Ce que l’Église prescrit — et ce qu’elle laisse libre#
Le malentendu le plus répandu porte sur l’étendue de l’obligation. Voici l’état exact du droit latin en vigueur :
| Ce qui oblige | Qui | Quand |
|---|---|---|
| Le jeûne (un seul repas rassasiant, deux collations légères) | De 18 ans à 59 ans révolus | Mercredi des Cendres et Vendredi saint |
| L’abstinence de viande | À partir de 14 ans | Tous les vendredis de Carême, et les vendredis de l’année sauf substitution |
| La confession annuelle et la communion pascale | Tout fidèle ayant l’usage de la raison | Une fois l’an, la communion de préférence au temps pascal |
Tout le reste — le chocolat, l’alcool, les réseaux sociaux, la viande le mercredi, le réveil à six heures — relève de la liberté de chacun. Ce n’est pas moins sérieux : c’est plus difficile, parce que personne ne le vérifiera. L’Église fixe un plancher très bas, exprès. Elle sait que la pénitence imposée d’en haut produit des comptables ; elle préfère des convertis.
Ce que le Carême n’est pas#
- Ce n’est pas un régime. Le jeûne chrétien ne vise pas la santé ni la performance ; s’il produit un bénéfice physique, tant mieux, mais ce n’est pas sa raison. Un jeûne qui n’est pas ordonné à la prière et au partage est, au sens strict, un jeûne païen.

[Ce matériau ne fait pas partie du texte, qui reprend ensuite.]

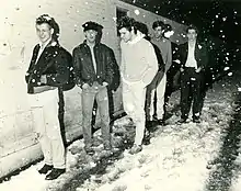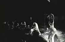 As teenagers inspired by the eruption of the American and British punk movement, the Wallis brothers and Adams began writing songs together around 1978. Several songs that became fixtures of Ruin's performances date to this early period, including their revved-up covers of Leonard Cohen.[1][lower-alpha 1] In what became a hallmark of Ruin, the early Wallis-Adams songs, while loyal to the hyper-rhythms and aggressive delivery of early punk and later hardcore, were just as likely to evoke the melancholia of American folk music or the frantic jam quality of psychedelic rock.[1] Incoming bassist Cordy Swope added elements of 1960s British invasion and American underground art rock to the band's mix of styles.[2] This eclecticism became a defining feature of the Philadelphia underground music scene of the 1980s and beyond, an environment that contributed to Ruin's success.[3][4][5] American author and urbanist Adam Greenfield noted: "Philadelphia threw nothing but curveballs. McRad, The Dead Milkmen, Pagan Babies, Scram: none of them quite fit the template, somehow. They were too weird, too goofy, too unpredictable, too hard to fit into the categories that were already then beginning to solidify."[6] Illustrating Ruin's own eclecticism, Greenfield adds, "Which brings us at last to Ruin...If you were lucky enough to see them play, you never forgot it. There were rugs. There were, no lie, candles. The band filtered onto the stage dressed in white from head to toe. The message was unmistakable: whatever it was you were about to witness, it wasn’t going to be yet another clutch of Black Flag wannabes, sounding off about their petty beefs with still pettier authorities."[7]

- Ce n’est pas une performance. La question « as-tu tenu ? » est moins pertinente que « qu’as-tu appris ? ». L’échec d’une résolution de Carême est une information — sur nos attaches réelles — plus qu’une faute.
- Ce n’est pas un temps triste. La liturgie du Mercredi des Cendres fait lire l’ordre du Christ : « Quand tu jeûnes, parfume-toi la tête et lave-toi le visage. » La tristesse affichée est explicitement condamnée dans le texte même qui ouvre le Carême.
- Ce n’est pas une punition. Le péché est déjà sa propre peine ; le Carême est le traitement, pas la sanction.
- Ce n’est pas facultatif au sens où l’on choisirait de le faire ou non. On peut discuter des moyens ; la conversion, elle, n’est pas une option de la vie chrétienne.
Comment cela se vit, concrètement#
Un Carême bien mené tient en quelques décisions prises avant le Mercredi des Cendres, et non au fil de l’eau :
- Une résolution de prière mesurable et modeste : dix minutes le matin, un psaume le soir, la messe un jour de semaine. Mieux vaut cinq minutes tenues quarante jours que trente minutes tenues quatre jours.
- Une résolution de jeûne qui touche vraiment : si le chocolat ne vous manque pas, renoncer au chocolat ne vous coûte rien et ne vous apprendra rien.
- Une résolution d’aumône chiffrée : une somme, un rythme, un destinataire précis. Le vague est l’ennemi du don.
- Une confession, si possible dans la première moitié du Carême, pour ne pas transformer les quarante jours en effort moral autonome.
- Un point d’étape à Lætare, au vingt-cinquième jour : qu’est-ce qui tient ? qu’est-ce qui a lâché ? faut-il réajuster ?
Nos onze parcours de quarante jours proposent exactement cela, jour après jour, selon l’âge et l’état de vie.
« Ce que chacun doit faire en tout temps, il faut le faire maintenant avec plus de soin et de dévotion. »
Saint Léon le Grand, Sermon 39, 2 — sur le Carême
Pourquoi cela vaut la peine#
Le Carême repose sur une intuition anthropologique très simple, et vérifiable : on ne change pas par la seule décision ; on change par des exercices répétés dans un temps délimité, en compagnie d’autres qui font la même chose. C’est vrai de l’apprentissage d’un instrument, de la rééducation d’un genou, du sevrage d’une addiction. L’Église le sait depuis dix-sept siècles : elle a créé un dispositif — une durée, un début solennel, une fin datée, des repères hebdomadaires, une communauté — dont les sciences du comportement redécouvrent aujourd’hui l’efficacité, sous d’autres noms.
La différence est que le Carême ne vise pas d’abord un mieux-être. Il vise une rencontre. Les quarante jours ne sont pas là pour faire de nous des gens meilleurs : ils sont là pour que, la nuit de Pâques, quand le diacre chantera l’Exsultet dans une église obscure et qu’une seule flamme se multipliera de cierge en cierge, quelque chose en nous soit assez disponible pour comprendre ce qui se passe.